PROBLEM TO WORK ON: Below are records with pictures. Transcribe exactly, and only, the lines from the line with "アウター kastane ニット" to the line with "Handcraft Blends Sweet", both ends included, but not the pictures.

(Recorded data)
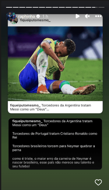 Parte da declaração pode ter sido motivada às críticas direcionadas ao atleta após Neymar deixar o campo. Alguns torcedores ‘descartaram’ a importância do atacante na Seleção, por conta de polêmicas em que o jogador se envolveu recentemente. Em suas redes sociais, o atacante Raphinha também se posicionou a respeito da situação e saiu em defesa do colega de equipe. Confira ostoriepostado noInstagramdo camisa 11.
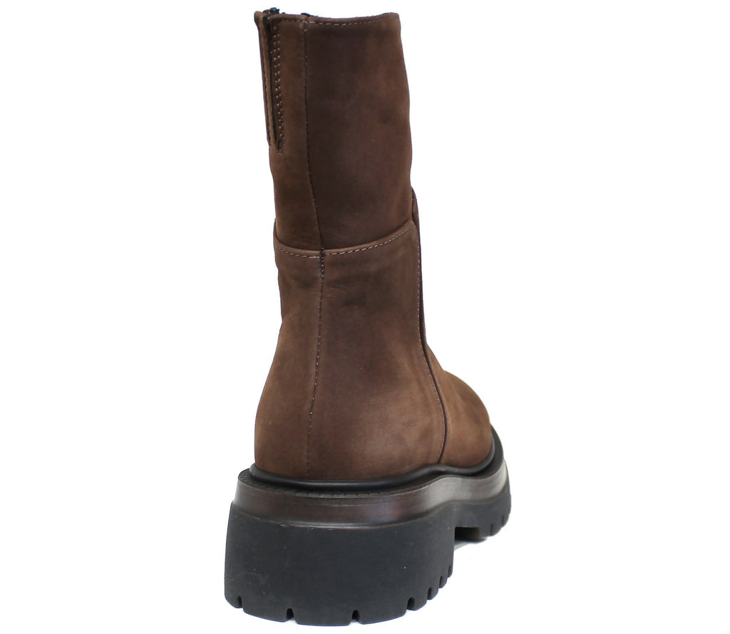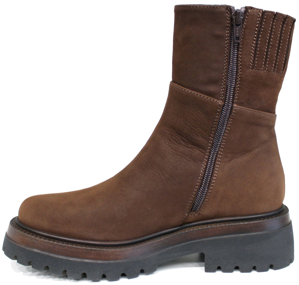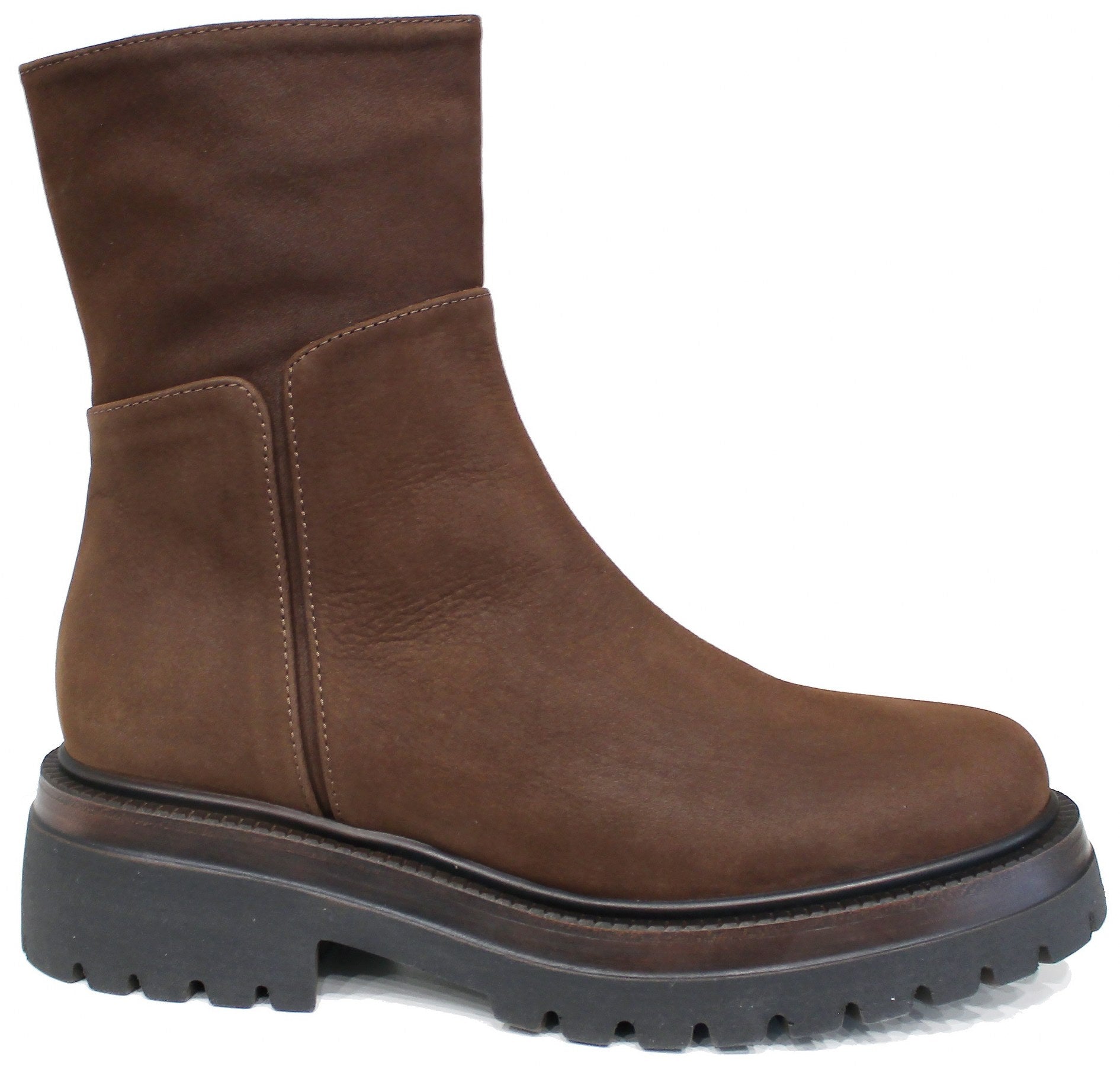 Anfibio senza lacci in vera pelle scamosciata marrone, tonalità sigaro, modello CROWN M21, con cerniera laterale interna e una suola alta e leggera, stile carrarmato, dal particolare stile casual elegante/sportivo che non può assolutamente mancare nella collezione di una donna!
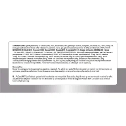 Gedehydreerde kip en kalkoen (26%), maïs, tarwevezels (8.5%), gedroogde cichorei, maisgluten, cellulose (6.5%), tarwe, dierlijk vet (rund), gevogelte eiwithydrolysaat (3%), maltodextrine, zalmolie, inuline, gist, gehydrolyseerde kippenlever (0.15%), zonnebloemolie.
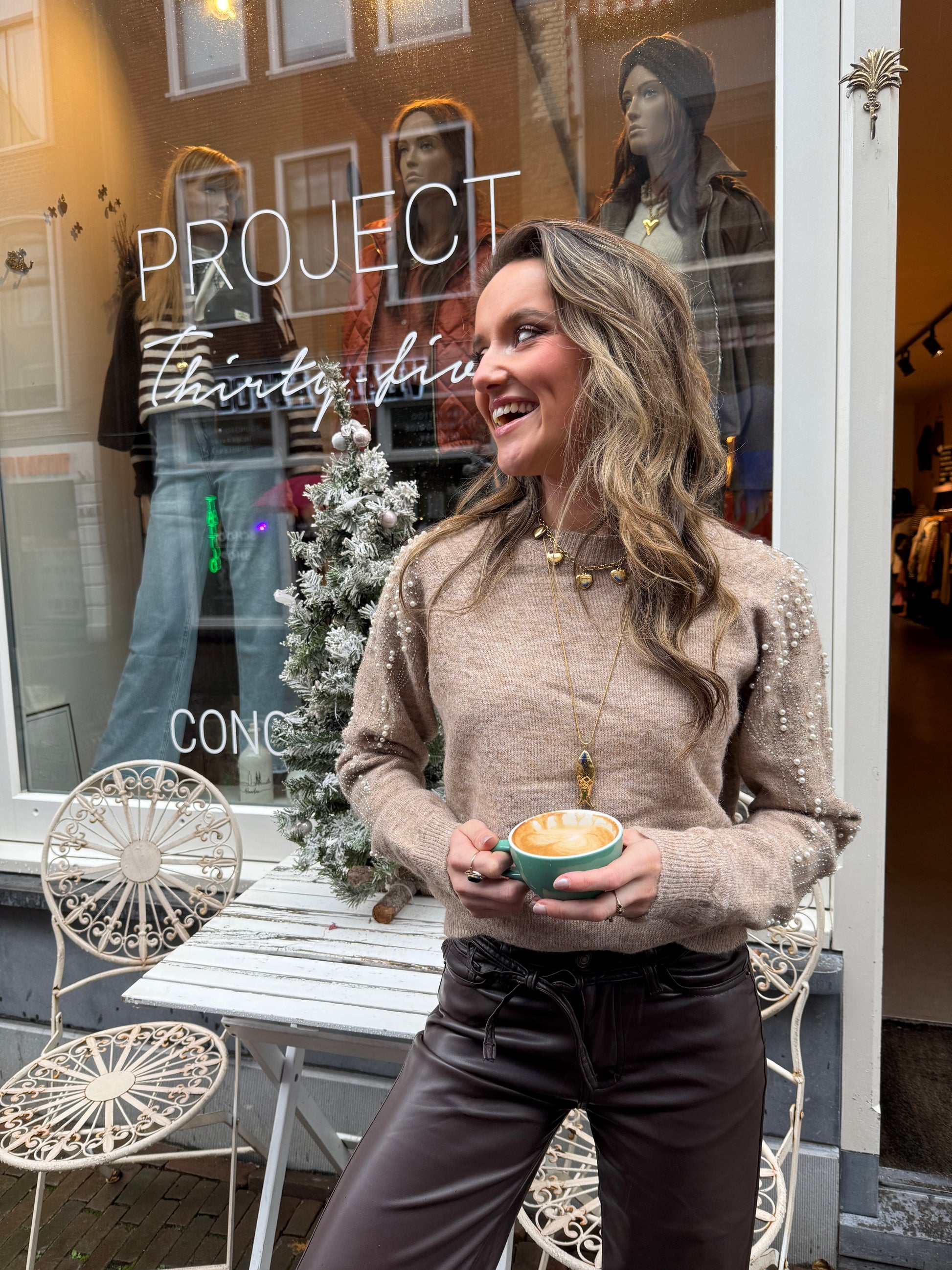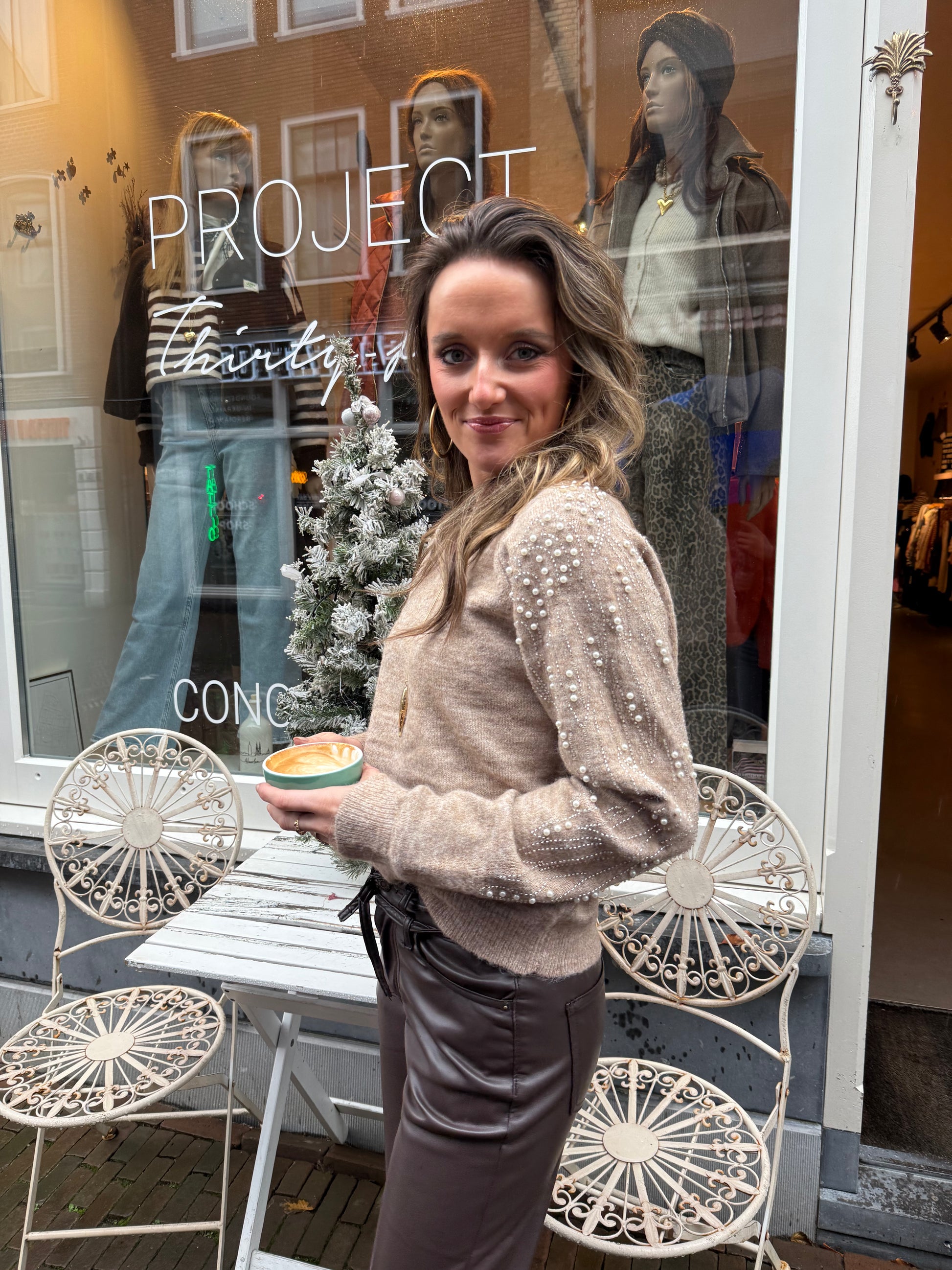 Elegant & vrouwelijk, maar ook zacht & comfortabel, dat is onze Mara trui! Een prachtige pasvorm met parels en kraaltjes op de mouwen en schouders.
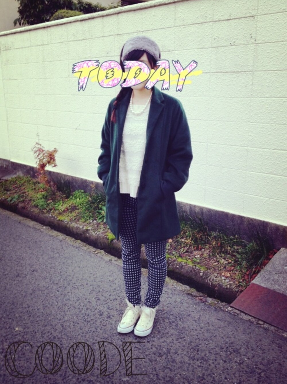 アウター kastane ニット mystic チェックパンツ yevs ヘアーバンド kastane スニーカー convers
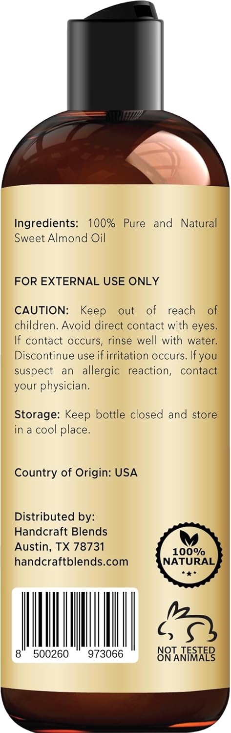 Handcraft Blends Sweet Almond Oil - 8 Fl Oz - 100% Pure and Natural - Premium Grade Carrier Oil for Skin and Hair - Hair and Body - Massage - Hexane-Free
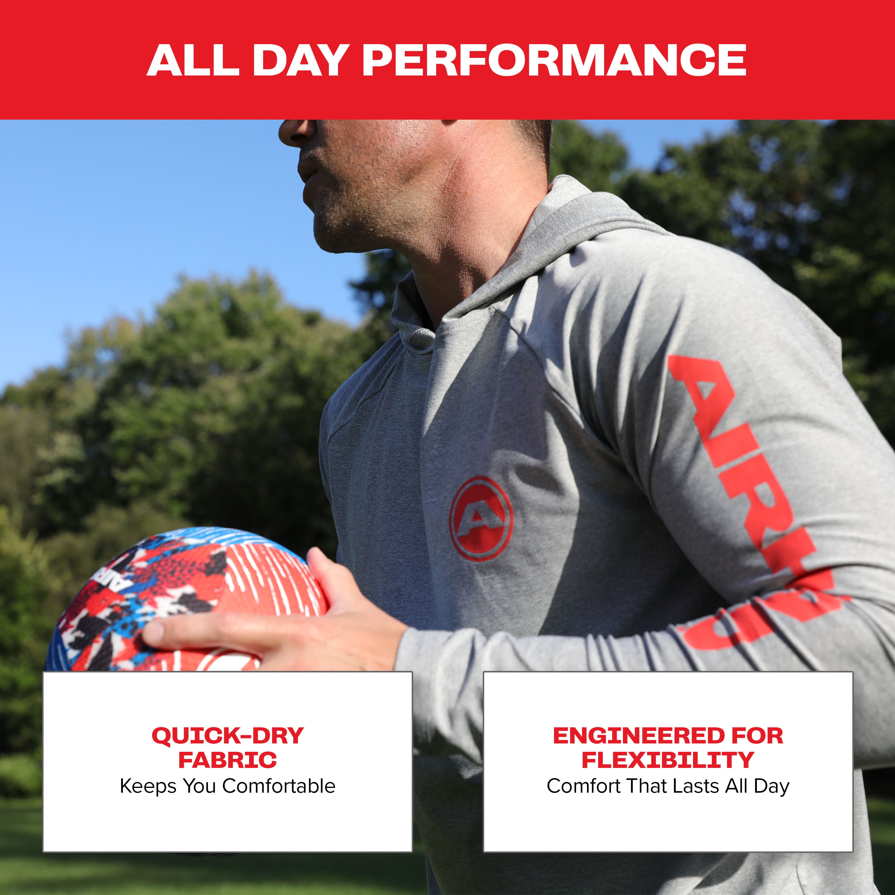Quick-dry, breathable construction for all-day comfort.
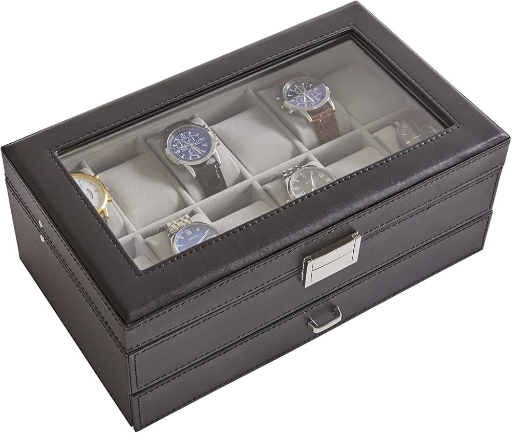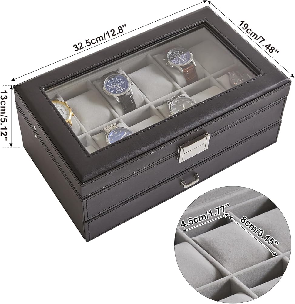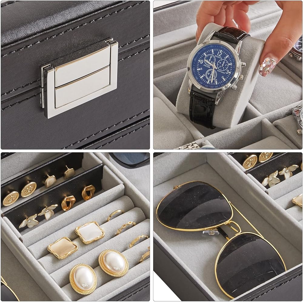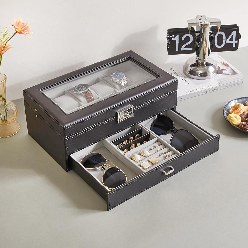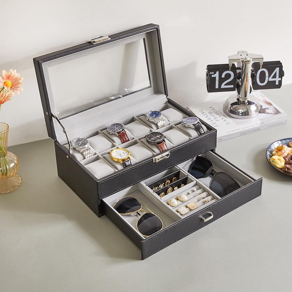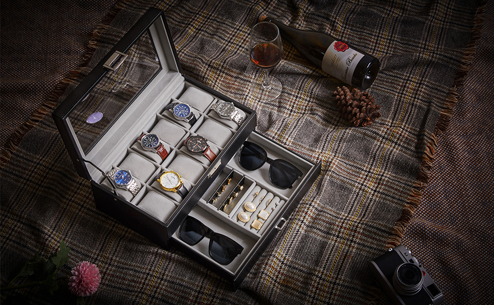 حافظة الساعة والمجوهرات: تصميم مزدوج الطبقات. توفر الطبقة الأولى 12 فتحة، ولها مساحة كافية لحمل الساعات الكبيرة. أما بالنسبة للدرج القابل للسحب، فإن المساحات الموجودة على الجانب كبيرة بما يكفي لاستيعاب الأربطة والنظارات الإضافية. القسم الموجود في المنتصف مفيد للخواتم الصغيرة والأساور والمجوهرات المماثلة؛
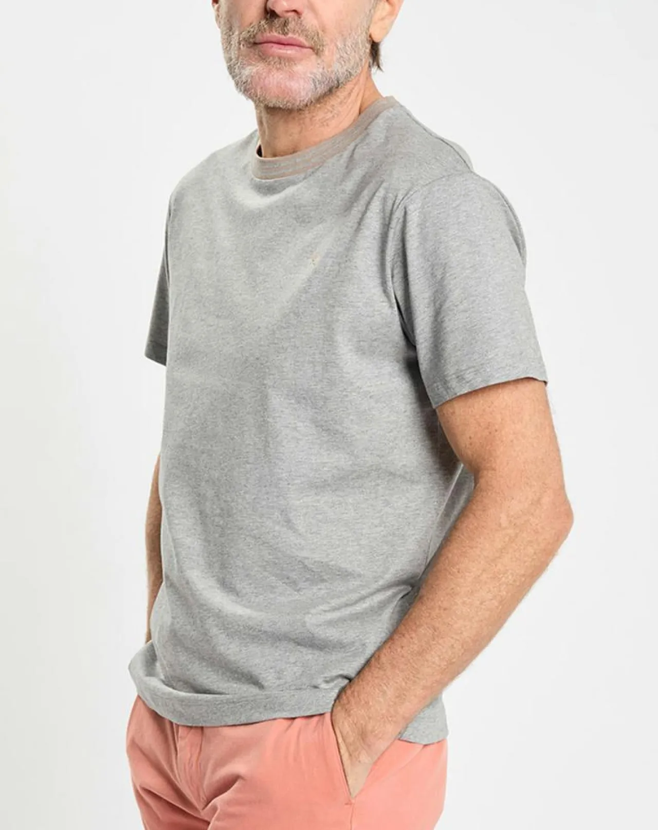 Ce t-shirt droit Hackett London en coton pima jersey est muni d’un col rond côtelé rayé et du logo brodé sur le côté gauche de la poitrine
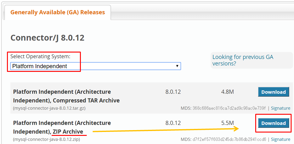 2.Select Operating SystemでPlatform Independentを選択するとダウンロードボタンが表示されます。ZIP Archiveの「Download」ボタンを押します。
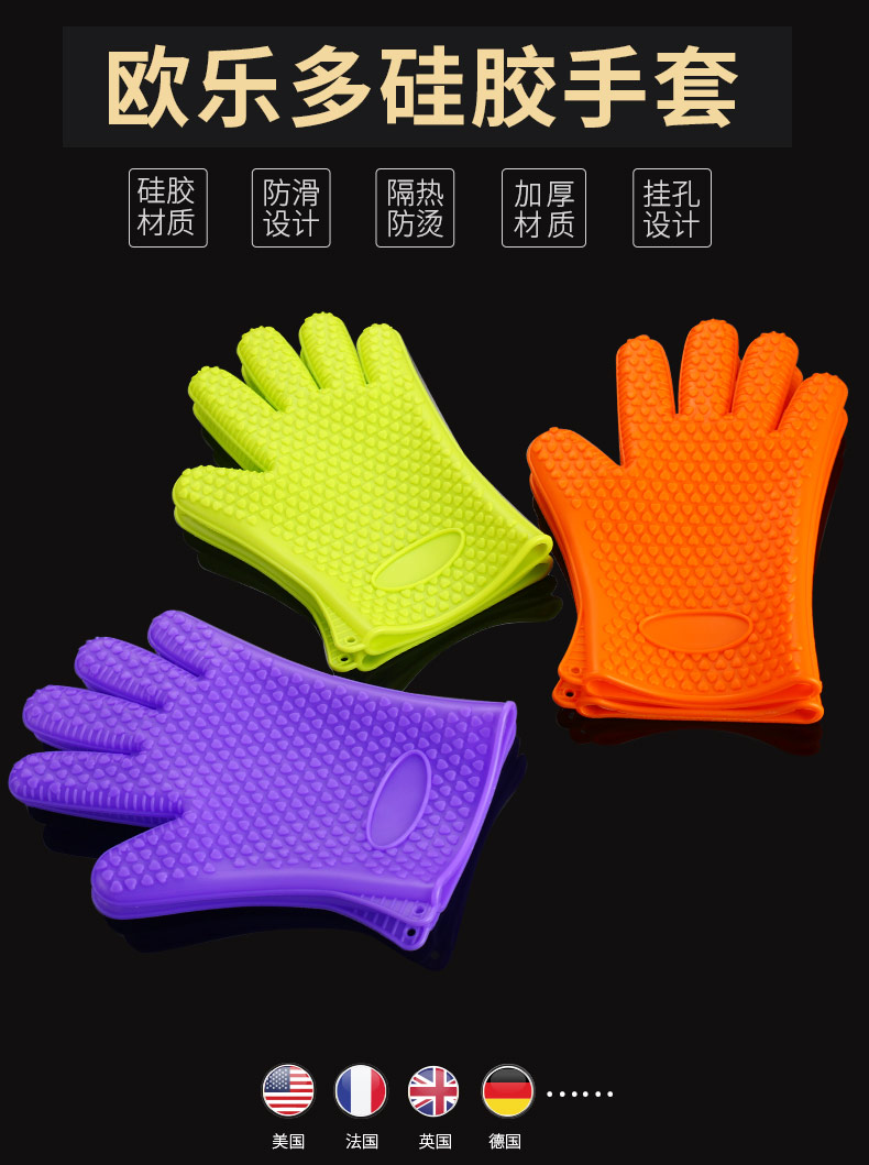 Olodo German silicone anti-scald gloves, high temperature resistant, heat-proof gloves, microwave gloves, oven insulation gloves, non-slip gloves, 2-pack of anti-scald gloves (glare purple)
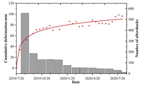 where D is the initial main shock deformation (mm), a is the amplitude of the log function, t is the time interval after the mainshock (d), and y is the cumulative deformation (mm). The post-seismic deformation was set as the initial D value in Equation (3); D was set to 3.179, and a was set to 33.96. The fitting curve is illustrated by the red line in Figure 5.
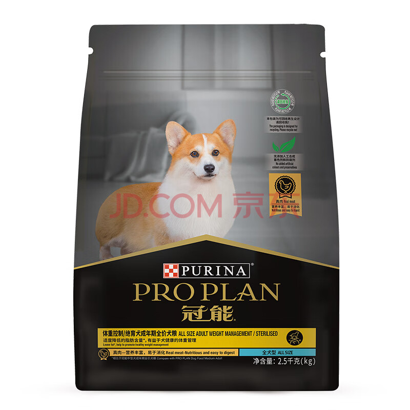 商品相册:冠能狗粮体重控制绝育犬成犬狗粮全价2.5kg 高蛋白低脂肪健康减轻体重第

RESPONSE:
 アウター kastane ニット mystic チェックパンツ yevs ヘアーバンド kastane スニーカー convers
 Handcraft Blends Sweet Almond Oil - 8 Fl Oz - 100% Pure and Natural - Premium Grade Carrier Oil for Skin and Hair - Hair and Body - Massage - Hexane-Free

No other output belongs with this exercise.